# How's this for Discouragement????



## nycvr6 (Apr 30, 2003)

I know everyone must have seem my other posts now about my 2 murdered pirayas that happened last week. Well come home this afternoon to find another one of my P's murdered or almost murdered. One of my smaller super reds was over half eaten when i found him, he was still breathing and trying to swim very unsuccessfully. I am starting to hate keeping P's and i have no clue if there is something causing this, because i feed them plenty, move around stuff, keep temps kinda lok 78ish, this just started happening all of a sudden. I dont know, but this blows!! Here's the pics of my 2 recently killed pirayas and the newest kill:
















Keep in mind the red was still breathing when i took him out.


----------



## oburi (Jul 11, 2003)

DAMN







that sucks!
Sorry about your double loss man~!

Oburi


----------



## Caesar3283 (Jun 18, 2003)

Yeh, that's terrible to lose so many nice P's in a short period of time. Have you thought about keeping a single species like a Rhom, Spilo, Elongatus, etc....This way you wouldn't have to worry about them eating each other. Sorry for your loss.


----------



## phishin06 (Jun 11, 2003)

damn bro...I dont know what to say...is a cariba the cause of this problem? Do you have an alph P that is wrecking shop in your tank? I mean..i guess the answers yes but who? I have 11 pyogs in my 125 and my biggest caribe is starting to kick ass and take names...but no injuries to date <knocking on wood>...I am sorry that you are having to deal with this...that is why I wont buy pirayas...a very expensive feeder it seems...unless you buy a very large one...which is very expensive...again...sorry bro...hang in there


----------



## nycvr6 (Apr 30, 2003)

phishin06 said:


> damn bro...I dont know what to say...is a cariba the cause of this problem?

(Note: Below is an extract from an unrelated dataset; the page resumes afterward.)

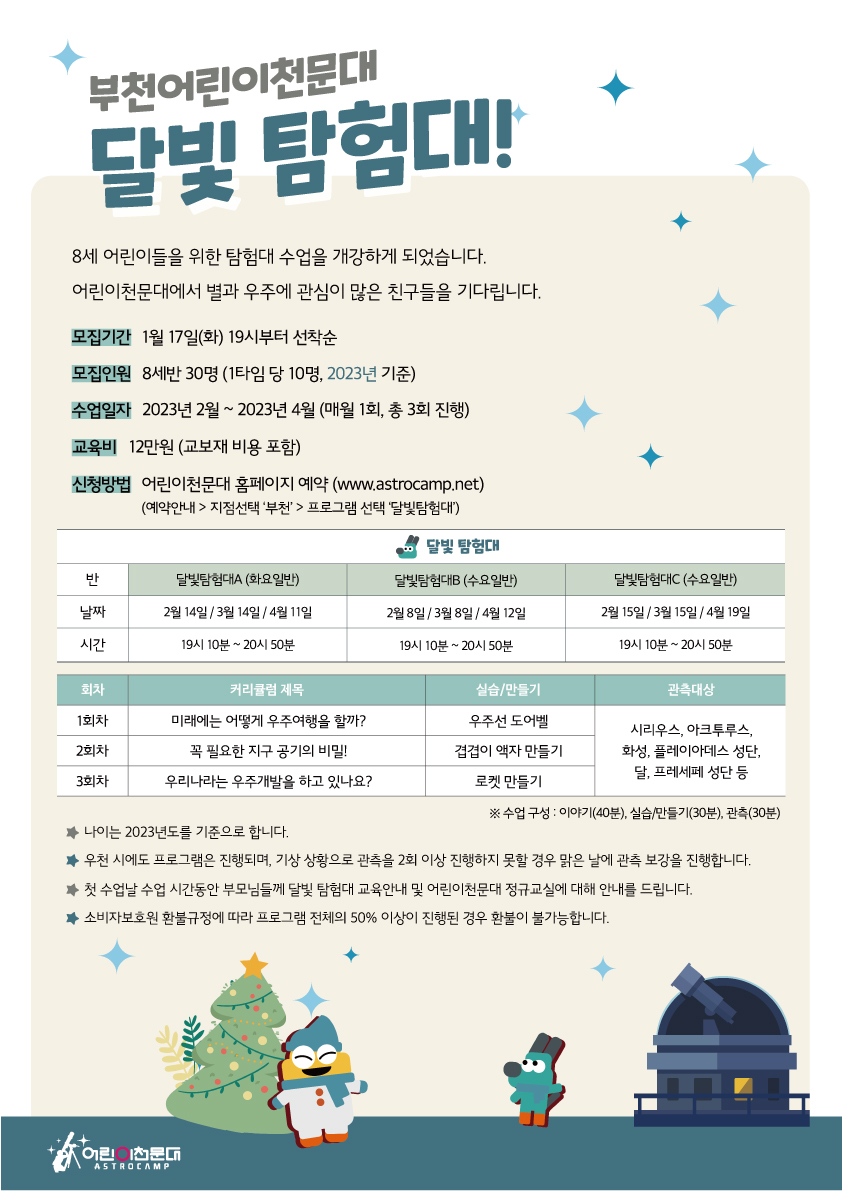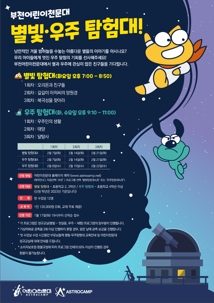 ※ 자세한 상담 및 문의는 부천어린이천문대 (032-677-3245)로 연락주시기 바랍니다. ※ 예약신청은 1월 17일(화) 19시부터 선착순으로 진행됩니다.

Do you have an alph P that is wrecking shop in your tank? I mean..i guess the answers yes but who? I have 11 pyogs in my 125 and my biggest caribe is starting to kick ass and take names...but no injuries to date <knocking on wood>...I am sorry that you are having to deal with this...that is why I wont buy pirayas...a very expensive feeder it seems...unless you buy a very large one...which is very expensive...again...sorry bro...hang in there


 The alpha in my tank seems to be my biggest tern, he is the one always chasing people. But i know my smaller cariba is really territorial, he doesnt chase fish unless they step in his area, but if they do, he will chase them fast. So it could be either of the 2 fish.


----------



## Judazzz (Jan 13, 2003)

sh*t man, that's a nasty killing spree you have experienced... I'm sorry, man :sad: 
Hope things will settle down now!

It's not that the victims have only been bitten and died from the injuries: some of them were practically eaten whole. Most definitely weird stuff...


----------



## Atlanta Braves Baby! (Mar 12, 2003)

sh*t something is wrong for this to keep happening. Are you feeding enough?


----------



## khuzhong (Apr 11, 2003)

sucks big time dude..


----------



## rday (Mar 10, 2003)

this is exactly what made me get out of piranha, but it was always babies that only cost $5. i cant imagine what it would be like to lose something like this. my condolenses.


----------



## Xenon (Nov 15, 2002)

WOW! that sucks dude! dont get out of piranha for this though, just need to figure out whats causing it...how many did you have in what size tank?


----------



## RhomZilla (Feb 12, 2003)

Damn another cassualty.. Sorry for your loss man. You either have the toughest SOB in your tank, or you have some mean water that makes them crazy. But hope this doesnt discourage you one bit from leaving the hobby


----------



## Azrael (Apr 4, 2003)

I am sorry about your loss...


----------



## garybusey (Mar 19, 2003)

Yeah man you gotta add some fish for fish to fight in Lieu of each other. Thats alot of canabalism!


----------



## Guest (Sep 5, 2003)

sorry man... now i'm starting to worry about my Ps at home.


----------



## nycvr6 (Apr 30, 2003)

Atlanta Braves Baby! said:


> sh*t something is wrong for this to keep happening. Are you feeding enough?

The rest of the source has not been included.